WHAT THE EXERCISE ASKS
The answer must consist solely of the lines from the one with "শিক্ষকসকলে তেওঁলোকৰ দাবী" through the last line of the data, copied exactly, with no pictures.

RAW DATA
+-------+
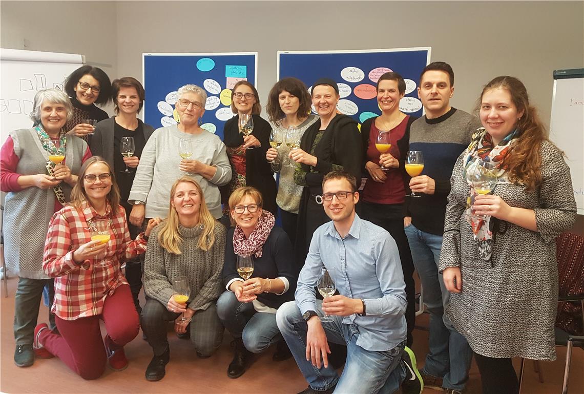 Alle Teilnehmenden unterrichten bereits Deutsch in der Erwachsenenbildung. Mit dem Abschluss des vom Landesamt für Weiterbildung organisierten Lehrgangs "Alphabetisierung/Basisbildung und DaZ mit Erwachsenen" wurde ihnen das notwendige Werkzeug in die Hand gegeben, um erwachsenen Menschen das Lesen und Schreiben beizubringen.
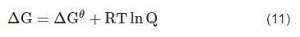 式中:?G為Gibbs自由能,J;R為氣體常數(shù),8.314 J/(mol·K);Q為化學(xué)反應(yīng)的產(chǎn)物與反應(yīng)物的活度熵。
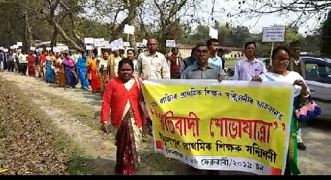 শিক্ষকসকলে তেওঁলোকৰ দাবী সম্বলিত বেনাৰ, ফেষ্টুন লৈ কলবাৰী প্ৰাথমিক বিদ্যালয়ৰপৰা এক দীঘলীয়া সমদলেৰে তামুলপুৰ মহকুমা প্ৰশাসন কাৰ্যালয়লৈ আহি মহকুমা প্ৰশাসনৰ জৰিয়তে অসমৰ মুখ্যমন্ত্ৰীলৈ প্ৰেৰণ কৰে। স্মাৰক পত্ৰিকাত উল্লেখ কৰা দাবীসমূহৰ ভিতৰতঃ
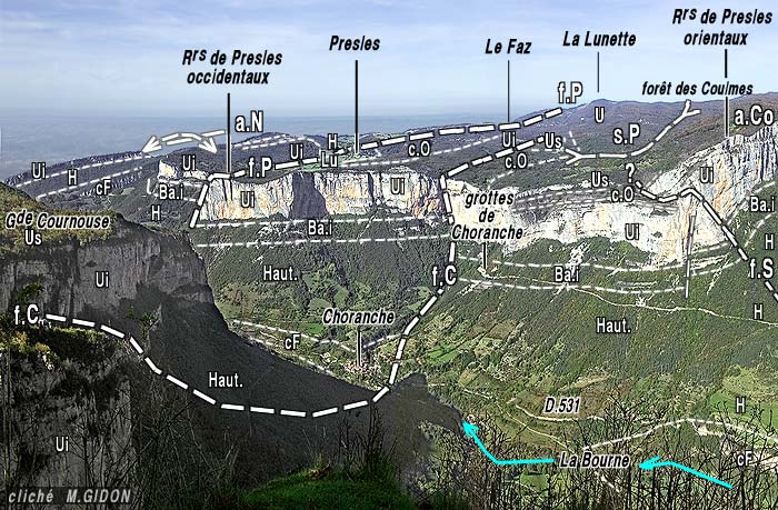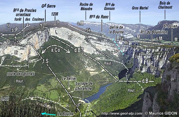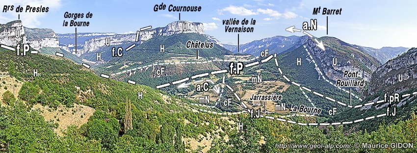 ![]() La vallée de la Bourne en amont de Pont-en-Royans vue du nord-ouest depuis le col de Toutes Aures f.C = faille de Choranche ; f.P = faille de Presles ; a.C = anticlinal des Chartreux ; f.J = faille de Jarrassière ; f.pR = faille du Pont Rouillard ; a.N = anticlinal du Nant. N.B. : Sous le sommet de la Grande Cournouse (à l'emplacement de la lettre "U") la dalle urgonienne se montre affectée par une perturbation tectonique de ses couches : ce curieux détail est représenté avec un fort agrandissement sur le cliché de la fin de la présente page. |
+-------+
RESPONSE AREA
 শিক্ষকসকলে তেওঁলোকৰ দাবী সম্বলিত বেনাৰ, ফেষ্টুন লৈ কলবাৰী প্ৰাথমিক বিদ্যালয়ৰপৰা এক দীঘলীয়া সমদলেৰে তামুলপুৰ মহকুমা প্ৰশাসন কাৰ্যালয়লৈ আহি মহকুমা প্ৰশাসনৰ জৰিয়তে অসমৰ মুখ্যমন্ত্ৰীলৈ প্ৰেৰণ কৰে। স্মাৰক পত্ৰিকাত উল্লেখ কৰা দাবীসমূহৰ ভিতৰতঃ
 ![]() La vallée de la Bourne en amont de Pont-en-Royans vue du nord-ouest depuis le col de Toutes Aures f.C = faille de Choranche ; f.P = faille de Presles ; a.C = anticlinal des Chartreux ; f.J = faille de Jarrassière ; f.pR = faille du Pont Rouillard ; a.N = anticlinal du Nant. N.B. : Sous le sommet de la Grande Cournouse (à l'emplacement de la lettre "U") la dalle urgonienne se montre affectée par une perturbation tectonique de ses couches : ce curieux détail est représenté avec un fort agrandissement sur le cliché de la fin de la présente page. |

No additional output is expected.